_TASK BRIEF_: Restate word for word the entries below, starting with the line with "- Host a virtual" and continuing through the line with "Blazer, Hosenanzug und". Include both of those lines and no others.

_DATASET_:
※ ※ ※

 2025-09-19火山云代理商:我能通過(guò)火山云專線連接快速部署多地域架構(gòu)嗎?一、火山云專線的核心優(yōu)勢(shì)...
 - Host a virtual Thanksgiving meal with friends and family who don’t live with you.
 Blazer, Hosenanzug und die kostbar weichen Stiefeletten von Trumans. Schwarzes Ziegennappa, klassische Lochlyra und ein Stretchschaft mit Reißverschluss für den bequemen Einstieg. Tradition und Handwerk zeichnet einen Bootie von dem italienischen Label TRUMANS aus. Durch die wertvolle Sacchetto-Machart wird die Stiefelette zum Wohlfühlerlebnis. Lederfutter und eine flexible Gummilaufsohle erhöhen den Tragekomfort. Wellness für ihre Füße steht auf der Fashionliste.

※ ※ ※

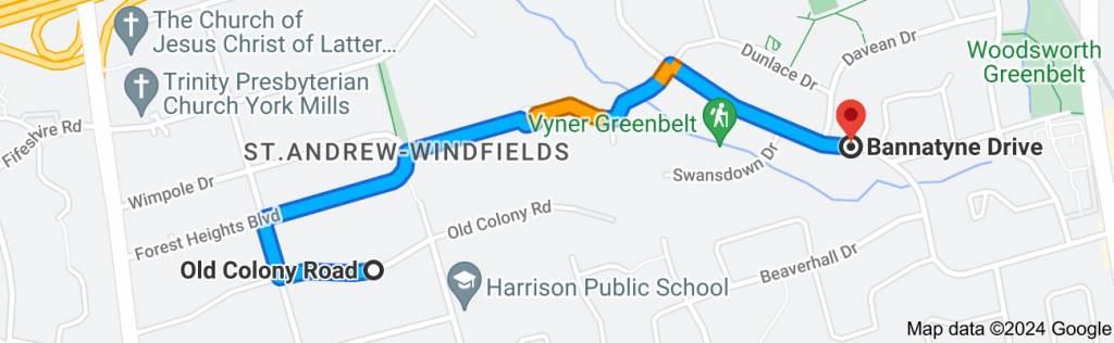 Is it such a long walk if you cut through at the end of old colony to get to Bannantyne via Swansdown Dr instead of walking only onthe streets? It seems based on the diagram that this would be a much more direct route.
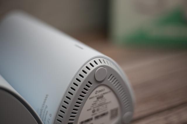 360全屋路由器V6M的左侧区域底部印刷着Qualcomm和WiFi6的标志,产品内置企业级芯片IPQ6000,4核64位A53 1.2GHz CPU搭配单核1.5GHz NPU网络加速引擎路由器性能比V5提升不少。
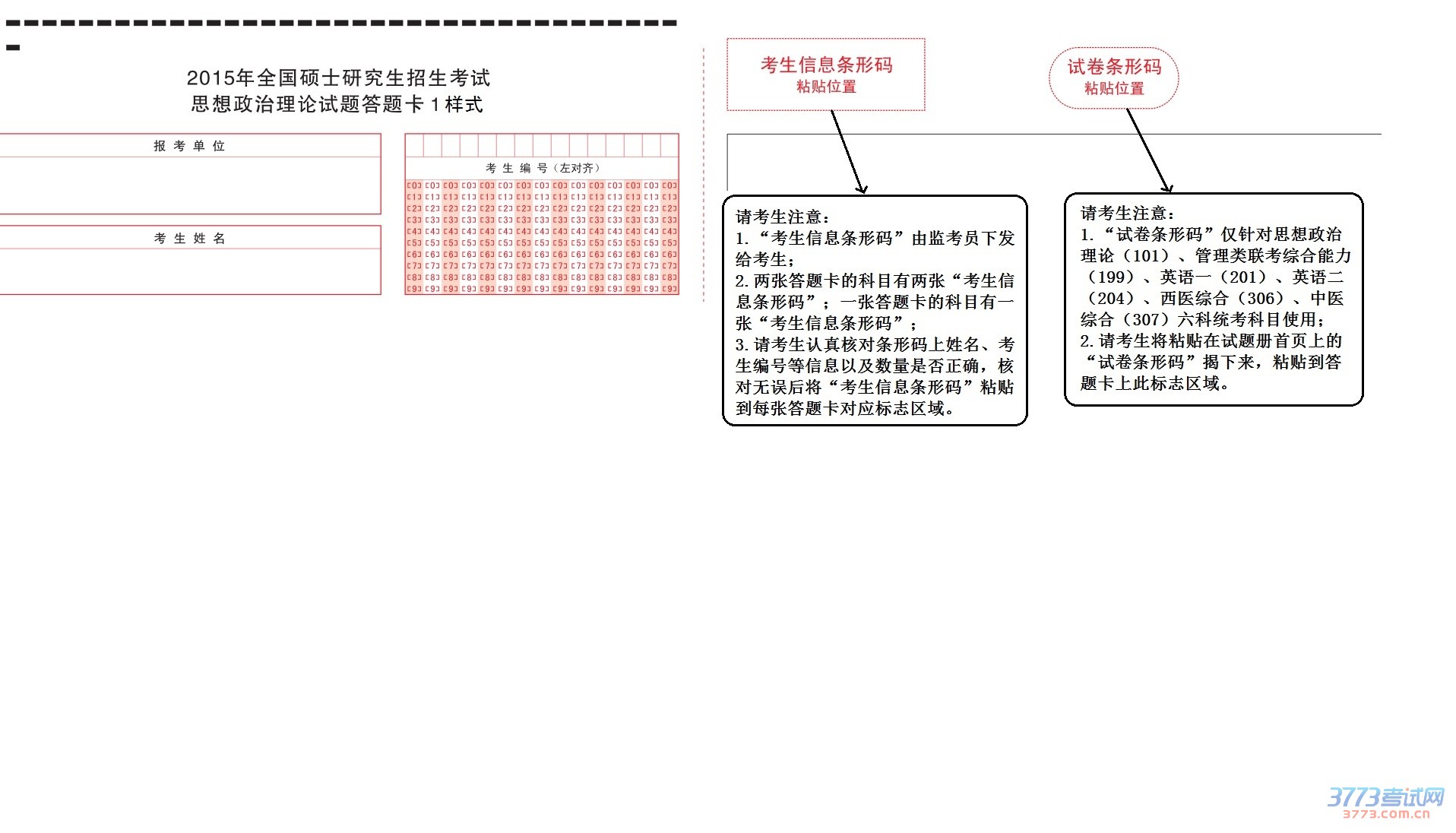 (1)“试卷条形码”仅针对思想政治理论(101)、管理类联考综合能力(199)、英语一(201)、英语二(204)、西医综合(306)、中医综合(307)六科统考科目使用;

※ ※ ※

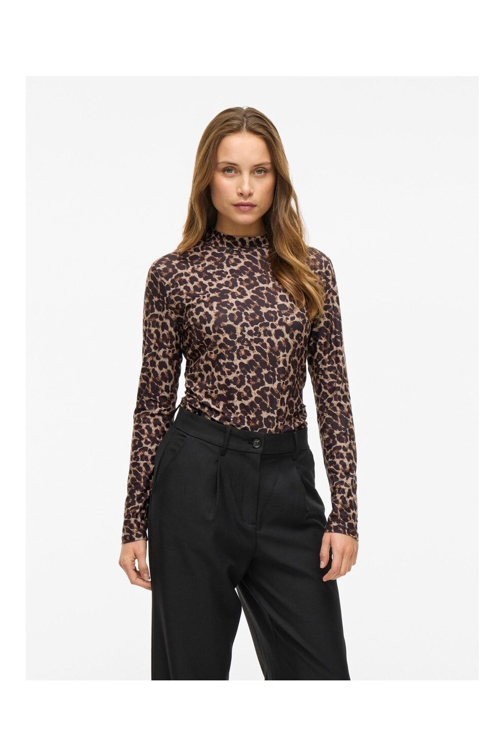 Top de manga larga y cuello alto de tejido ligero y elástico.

※ ※ ※

_TASK SOLUTION_:
 - Host a virtual Thanksgiving meal with friends and family who don’t live with you.
 Blazer, Hosenanzug und die kostbar weichen Stiefeletten von Trumans. Schwarzes Ziegennappa, klassische Lochlyra und ein Stretchschaft mit Reißverschluss für den bequemen Einstieg. Tradition und Handwerk zeichnet einen Bootie von dem italienischen Label TRUMANS aus. Durch die wertvolle Sacchetto-Machart wird die Stiefelette zum Wohlfühlerlebnis. Lederfutter und eine flexible Gummilaufsohle erhöhen den Tragekomfort. Wellness für ihre Füße steht auf der Fashionliste.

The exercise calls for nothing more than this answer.